# Required action
Print, exactly as they stand, the lines below from the one that has "Figure 7 illustrates" to the one that has "Features 5-buttons: LOCK, UNLOCK, TRUNK, REMOTE", inclusive, leaving out the pictures.

# Given records
----

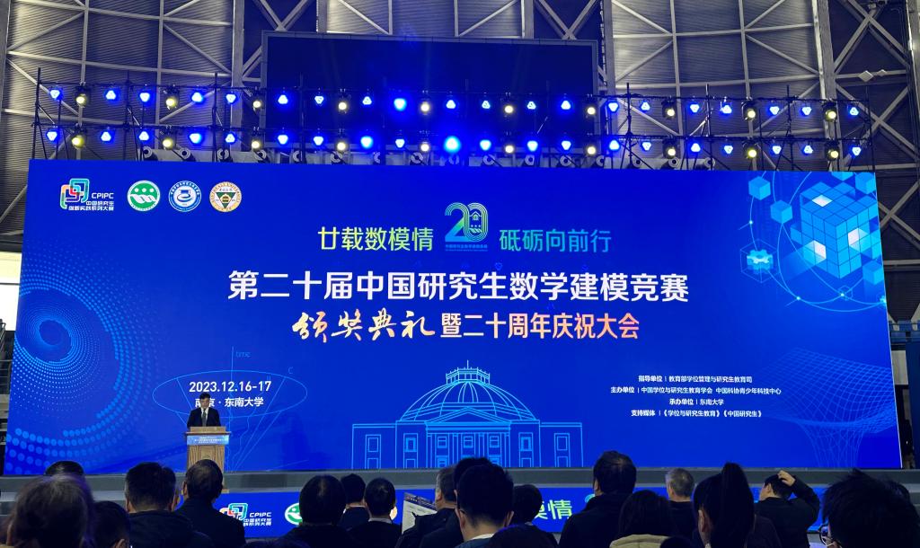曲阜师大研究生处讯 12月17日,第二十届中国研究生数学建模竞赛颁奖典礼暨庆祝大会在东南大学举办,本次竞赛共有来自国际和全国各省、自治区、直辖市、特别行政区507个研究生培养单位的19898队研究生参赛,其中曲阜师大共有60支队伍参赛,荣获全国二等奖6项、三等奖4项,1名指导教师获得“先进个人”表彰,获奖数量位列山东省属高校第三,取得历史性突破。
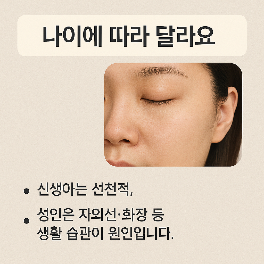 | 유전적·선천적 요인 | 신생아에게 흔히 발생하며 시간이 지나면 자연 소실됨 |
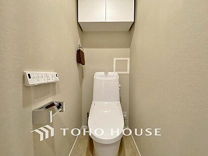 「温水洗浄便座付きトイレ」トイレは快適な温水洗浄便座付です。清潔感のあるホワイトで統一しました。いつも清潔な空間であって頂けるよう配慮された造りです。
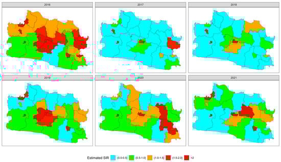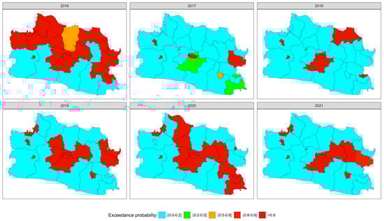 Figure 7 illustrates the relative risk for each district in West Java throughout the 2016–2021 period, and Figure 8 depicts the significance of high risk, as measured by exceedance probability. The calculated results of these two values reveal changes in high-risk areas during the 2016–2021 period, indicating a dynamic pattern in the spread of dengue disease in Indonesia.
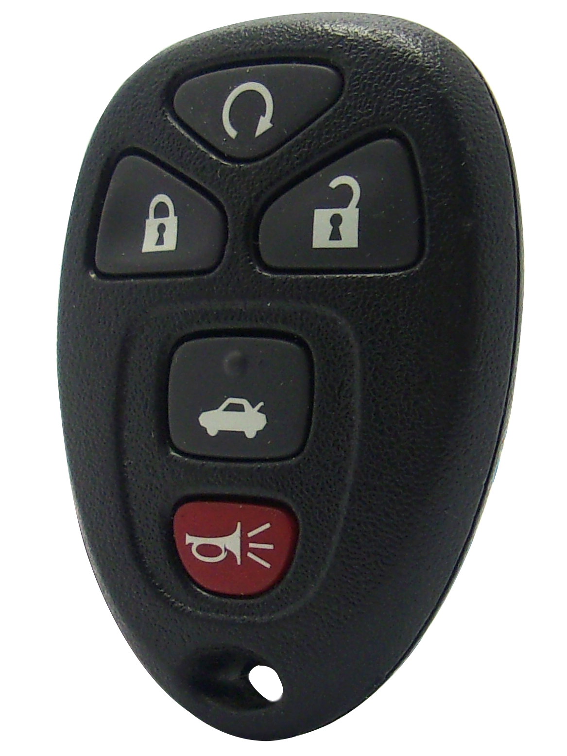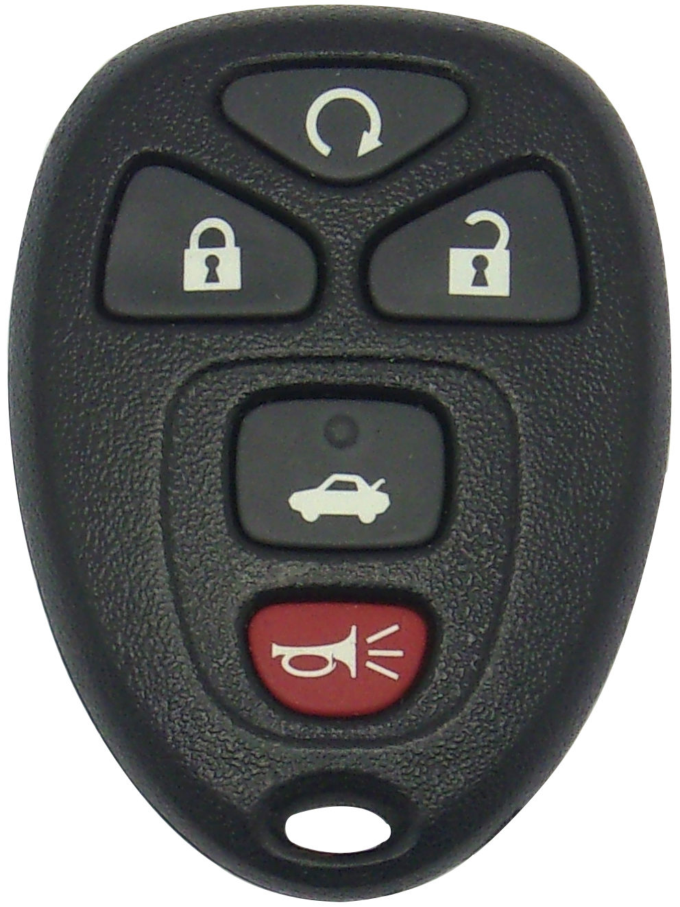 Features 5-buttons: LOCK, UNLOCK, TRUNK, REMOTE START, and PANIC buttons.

----

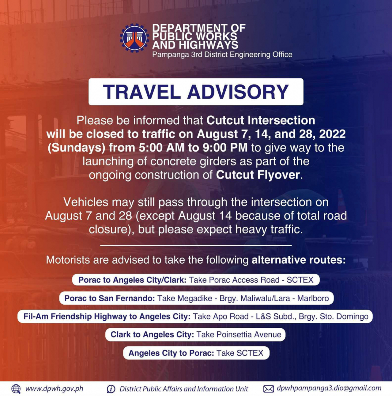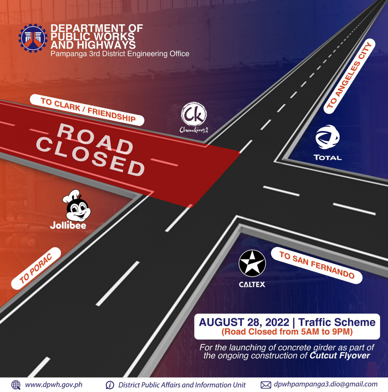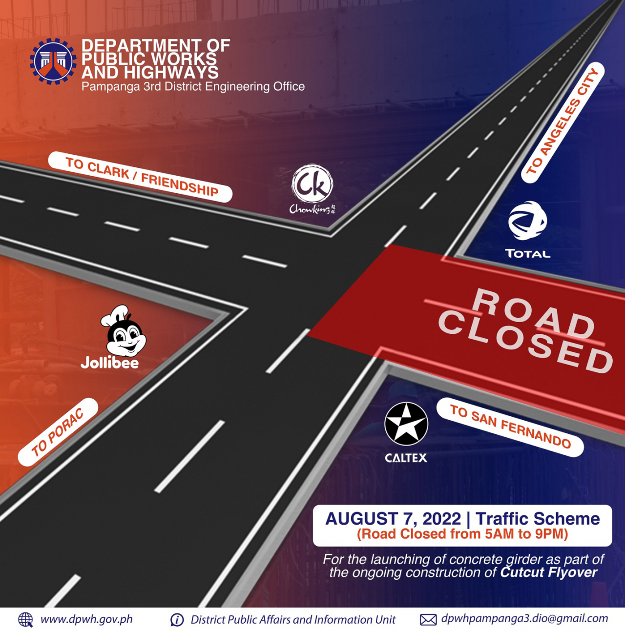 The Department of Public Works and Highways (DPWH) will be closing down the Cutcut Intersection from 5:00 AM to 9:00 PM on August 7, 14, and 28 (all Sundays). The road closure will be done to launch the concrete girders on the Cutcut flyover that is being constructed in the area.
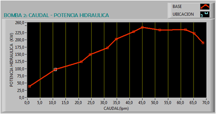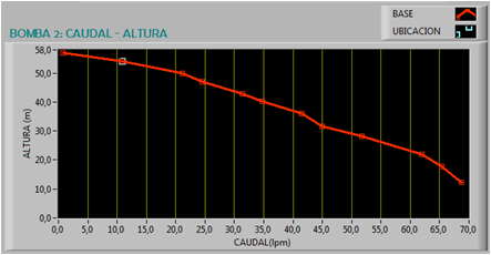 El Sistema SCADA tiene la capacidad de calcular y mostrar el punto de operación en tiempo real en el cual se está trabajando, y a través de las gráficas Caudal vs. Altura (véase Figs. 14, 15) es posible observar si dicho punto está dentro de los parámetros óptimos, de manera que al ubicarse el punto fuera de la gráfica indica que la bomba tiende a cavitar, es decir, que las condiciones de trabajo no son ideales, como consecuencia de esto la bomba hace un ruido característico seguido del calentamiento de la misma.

----

# Answer to the problem
 Figure 7 illustrates the relative risk for each district in West Java throughout the 2016–2021 period, and Figure 8 depicts the significance of high risk, as measured by exceedance probability. The calculated results of these two values reveal changes in high-risk areas during the 2016–2021 period, indicating a dynamic pattern in the spread of dengue disease in Indonesia.
 Features 5-buttons: LOCK, UNLOCK, TRUNK, REMOTE START, and PANIC buttons.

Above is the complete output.